Затем Сократ говорит, что имя отличается от именуемогo своим несовершенством: «Допусти, что и какая-то неподходящая буква может тут быть добавлена». Но тогда и о картине можно было бы сказать, что от действительности ее отличает лишь несовершенство.
Слово «бабочка» – это не фотография бабочки, это стихотворение о бабочке. Иначе оно звучало бы одинаково на всех языках. На самом же деле каждый народ создает свое стихотворение о бабочке, в котором не только отражает бабочку, но и выражает свое собственное понимание сущности бабочки: «фарфалья» (итальянский), «папийон» (французский), «шметерлинг» (немецкий)… В каждом языке бабочка порхает по-своему, это как бы разные бабочки.

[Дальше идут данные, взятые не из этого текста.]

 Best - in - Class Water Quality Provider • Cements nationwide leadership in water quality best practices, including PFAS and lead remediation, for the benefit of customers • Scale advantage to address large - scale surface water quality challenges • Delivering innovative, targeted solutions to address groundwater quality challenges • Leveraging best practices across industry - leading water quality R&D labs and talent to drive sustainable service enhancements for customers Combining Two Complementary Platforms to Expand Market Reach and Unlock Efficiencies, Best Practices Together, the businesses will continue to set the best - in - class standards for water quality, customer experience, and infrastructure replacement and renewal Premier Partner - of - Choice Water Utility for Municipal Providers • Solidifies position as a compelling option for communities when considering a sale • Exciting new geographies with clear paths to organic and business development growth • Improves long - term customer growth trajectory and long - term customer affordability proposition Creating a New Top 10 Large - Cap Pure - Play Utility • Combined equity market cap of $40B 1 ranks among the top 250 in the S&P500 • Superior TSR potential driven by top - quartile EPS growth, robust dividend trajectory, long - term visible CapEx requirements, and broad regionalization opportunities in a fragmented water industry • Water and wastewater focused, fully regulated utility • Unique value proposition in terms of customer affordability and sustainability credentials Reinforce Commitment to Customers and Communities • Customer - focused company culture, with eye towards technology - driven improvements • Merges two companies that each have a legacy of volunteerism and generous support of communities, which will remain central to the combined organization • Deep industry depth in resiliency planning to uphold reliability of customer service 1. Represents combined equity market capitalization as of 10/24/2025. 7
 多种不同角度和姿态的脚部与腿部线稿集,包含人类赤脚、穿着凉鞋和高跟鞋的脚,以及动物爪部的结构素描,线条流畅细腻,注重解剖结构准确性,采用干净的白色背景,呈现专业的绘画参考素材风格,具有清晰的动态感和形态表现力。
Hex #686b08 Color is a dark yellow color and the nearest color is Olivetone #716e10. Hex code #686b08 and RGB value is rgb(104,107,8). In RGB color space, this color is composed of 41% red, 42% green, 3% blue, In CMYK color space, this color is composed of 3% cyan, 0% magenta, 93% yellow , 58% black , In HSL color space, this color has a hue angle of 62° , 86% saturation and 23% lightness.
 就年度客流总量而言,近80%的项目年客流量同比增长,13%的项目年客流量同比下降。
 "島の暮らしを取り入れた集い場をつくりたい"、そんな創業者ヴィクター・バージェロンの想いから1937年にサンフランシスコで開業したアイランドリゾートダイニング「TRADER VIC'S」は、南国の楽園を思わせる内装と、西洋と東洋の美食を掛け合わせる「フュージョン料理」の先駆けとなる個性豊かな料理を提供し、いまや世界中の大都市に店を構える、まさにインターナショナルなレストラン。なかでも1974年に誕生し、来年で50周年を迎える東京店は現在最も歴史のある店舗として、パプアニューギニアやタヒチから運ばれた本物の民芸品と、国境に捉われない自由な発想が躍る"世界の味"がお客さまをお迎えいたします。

Каждое слово в процессе своего исторического развития не раз меняет и свое звучание, и часто даже свое значение. Однако звуковая картинка взаимодействует с изменяющимся значением, обкатывается, как камень волной, эстетическим чувством человека.

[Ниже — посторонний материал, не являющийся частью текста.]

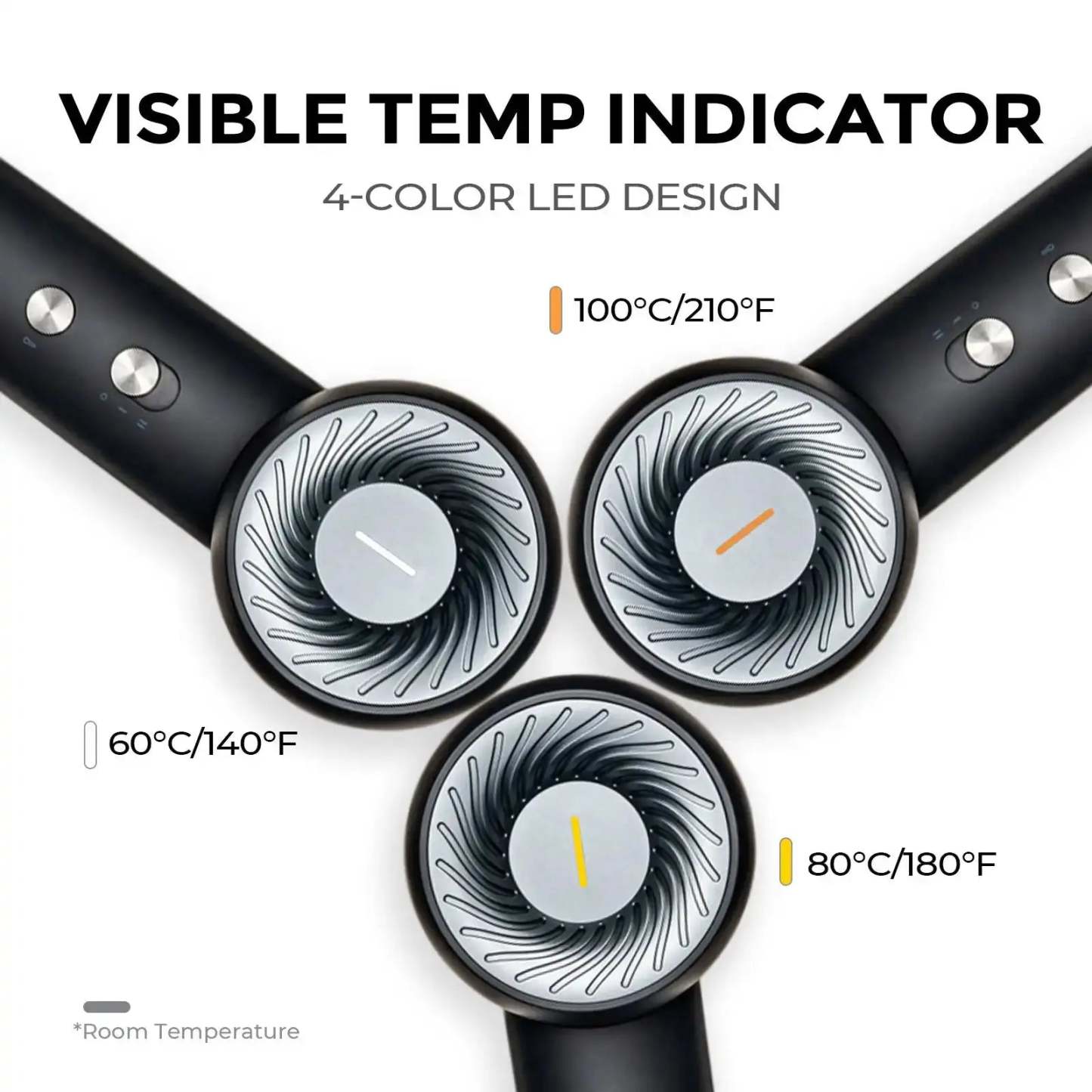 - 4 Temp & 2 Speed Settings ( Cold shot/140°F/180°F/210°F)
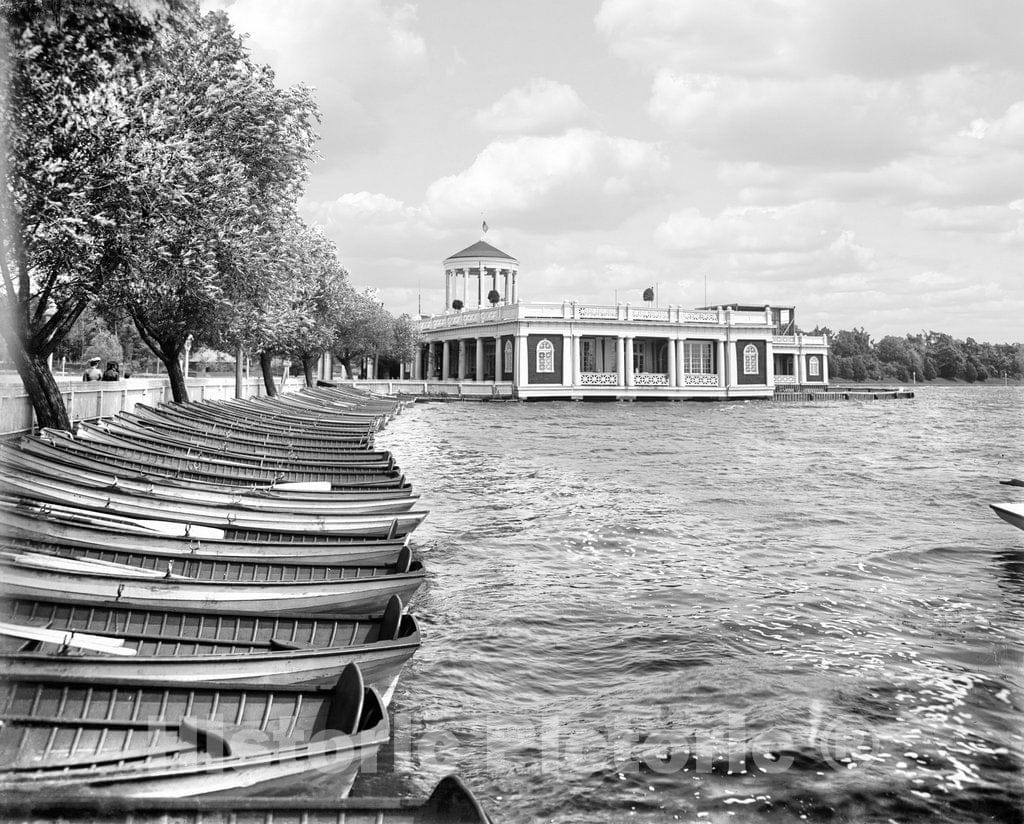 Minneapolis Historic Black & White Photo, Boat Landing, Lake Harriet, c1903 -

Представим себе следующую картину: первобытный человек вышел утром из пещеры подышать свежим воздухом (или еще для чего-нибудь) и, вернувшись, рассказывает соплеменникам о погоде. Слова «холод», допустим, еще нет, оно не существует в своей нынешней краткой форме, еще не сложилось, не застыло. И вот он начинает дуть (изображая ветер): хооо…хоо… потирать заледеневшее тело: ллл… дрожать, показывая, как он одеревенел, задубел, стучать зубами: ддд… Могли бы быть, конечно, при этом и другие звуки и жесты. На произнесение такого слова могло бы уходить несколько минут. Это могло бы быть целой музыкальной картиной. Это могло бы быть процессом творчества, созданием слова-рисунка, слова-стихотворения, единственного в своем роде, не предназначенного для повторных употреблений, передающего только вот этот холод вот в этой ситуации общения, – то есть созданием имени собственного. И только потом, видимо, такие большие и оригинальные первобытные слова сжались и застыли в маленькие наши слова, стали разменной монетой, именами нарицательными.

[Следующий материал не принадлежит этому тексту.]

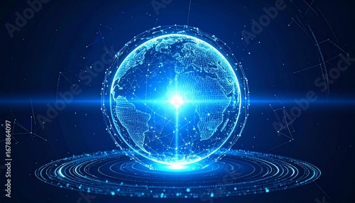 Fototapeta premium A digital representation of Earth with glowing neon lights and connections
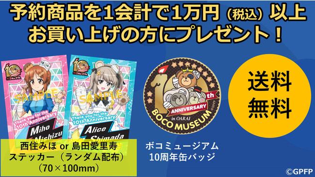 【1会計10,000円(税込)以上商品をご予約頂いた方に、「西住みほor島田愛里寿ステッカー(ランダム配布)」「新作ボコミュージアム10周年缶バッジ」プレゼント&送料無料!】
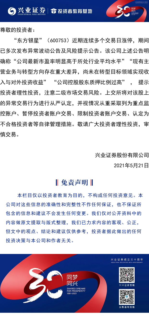 【兴·公告】关于“东方银星”(600753)股票交易的风险提示
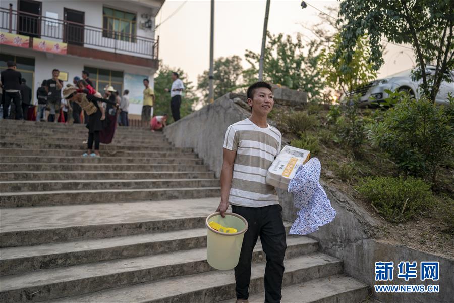 村民王九才在一個(gè)月一次的紅黑榜評(píng)比中獲得“五好村民”的榮譽(yù)(3月28日攝)。新華社記者江文耀攝
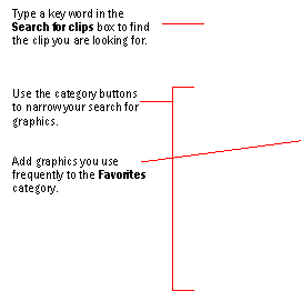 The Clip Gallery includes its own Help system, where you'll find such information as how to organize your clips in categories, how to assign keywords to clips for easy searching, and how to work with the Clip Gallery by using shortcut keys.
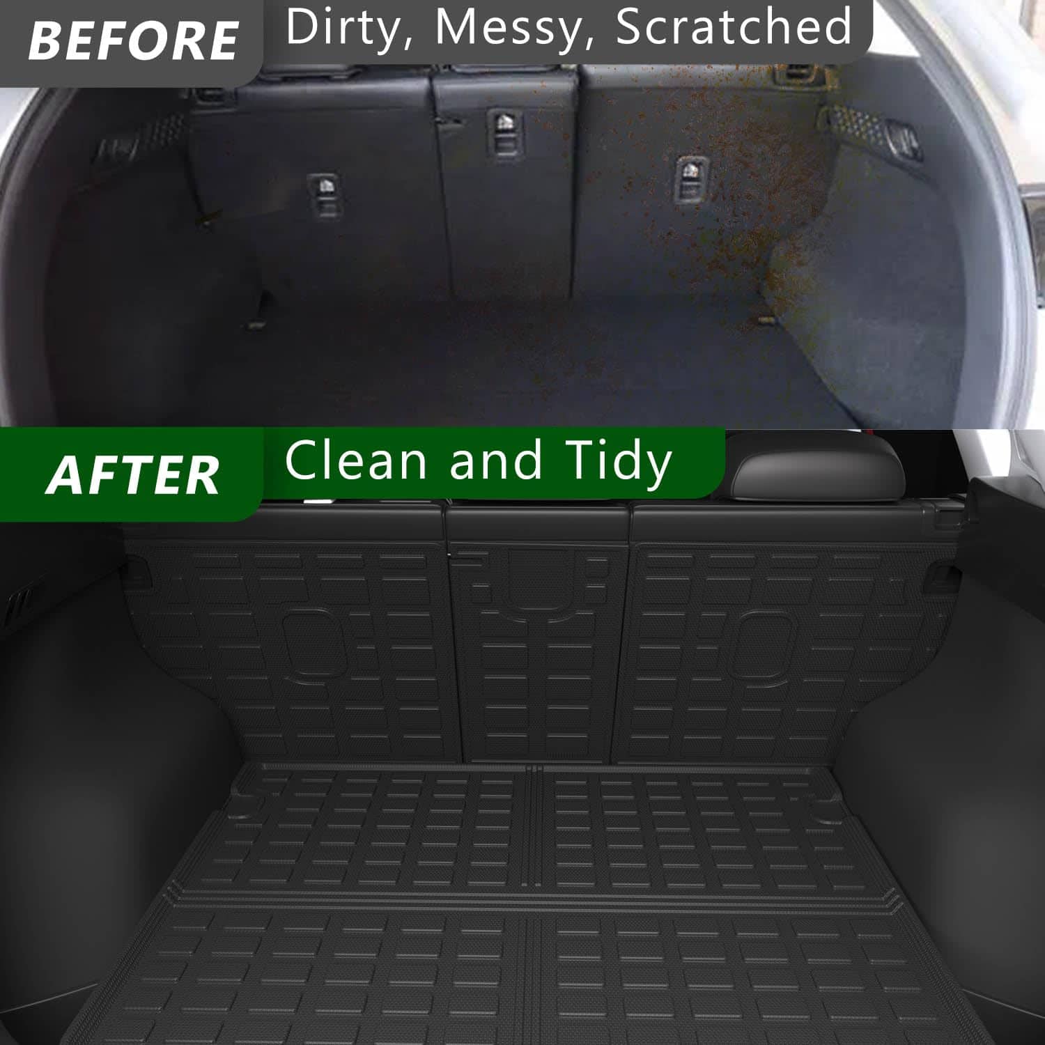 Tapete de carga y tapete de respaldo xipoqix compatible con Mazda CX-5 2023 2024 Protector de asiento trasero de TPE Reemplazo para accesorios Mazda CX-5 2023 2024 (Compatible con CX5 23-24, Tapete de carga + Tapete de respaldo) – Nuestro tapete de carga y tapete de respaldo trasero son compatibles con 2023 2024 Mazda CX-5, se ajustan precisamente a tu coche original. Por favor, verifica el modelo de tu coche antes de comprar. Los tapetes de carga y respaldo están hechos de material TPE de alta calidad, que tiene una fuerte flexibilidad y no tiene mal olor. Es altamente resistente a condiciones climáticas extremas, grietas y arañazos. Los liners antideslizantes para carga pueden mantener el equipaje en su lugar, mantener tu coche limpio y proteger tu maletero y los asientos de arañazos. Simplemente lávalos con agua y déjalos secar para eliminar suciedad, barro, cabello y otros residuos. Nuestro tapete de maletero y tapetes de respaldo son fáciles de limpiar. Solo necesitas colocar los tapetes en el lugar correcto. Puedes cortar el tapete de carga consultando el video para no afectar el uso normal de tu coche. Si tienes alguna pregunta, por favor contáctanos y te responderemos lo antes posible.

Это, разумеется, всего лишь макет, не было в доисторической древности слова «холод», даже отдельными звуками языка, входящими в это слово, человек овладевал тысячелетиями. В основе макета – восприятие современного человека (ребенка), который всматривается в современное слово. Но именно такое, детское, открытое восприятие готового слова помогает понять, как могло быть создано слово впервые.
Мартин Бубер в книге «Я и Ты» пишет о таком первобытном, детском восприятии мира, в котором слово рождается как динамический образ, как переживаемое отношение (то есть как символ, а не как знак):
«В начале было отношение. Возьмите язык “дикарей”, т. е. тех народов, чей мир еще беден объектами и чья жизнь строится в тесном кругу действий, насыщенных присутствием. Ядра их языка – слова-предложения, первичные дограмматические конструкции, из расщепления которых возникает все многообразие грамматических форм, – чаще всего выражают цельность отношения. Мы говорим: “Очень далеко”; зулус скажет вместо этого слово-предложение, которое значит: “Там, где кто-то кричит: "Ой, мама, я пропал"”, а житель Огненной Земли посрамит нашу аналитическую премудрость семисложным словом, точный смысл которого – “глядят друг на друга, ожидая, что другой вызовется сделать то, чего оба хотят, но не могут сделать”. Здесь в целостности отношения нерасчлененно присутствуют и лица – будущие существительные и местоимения; они пока лишь намечены и не обладают полной самостоятельностью. Смысл речи составляют не эти продукты анализа и размышления, а подлинное первичное единство, переживаемое отношение.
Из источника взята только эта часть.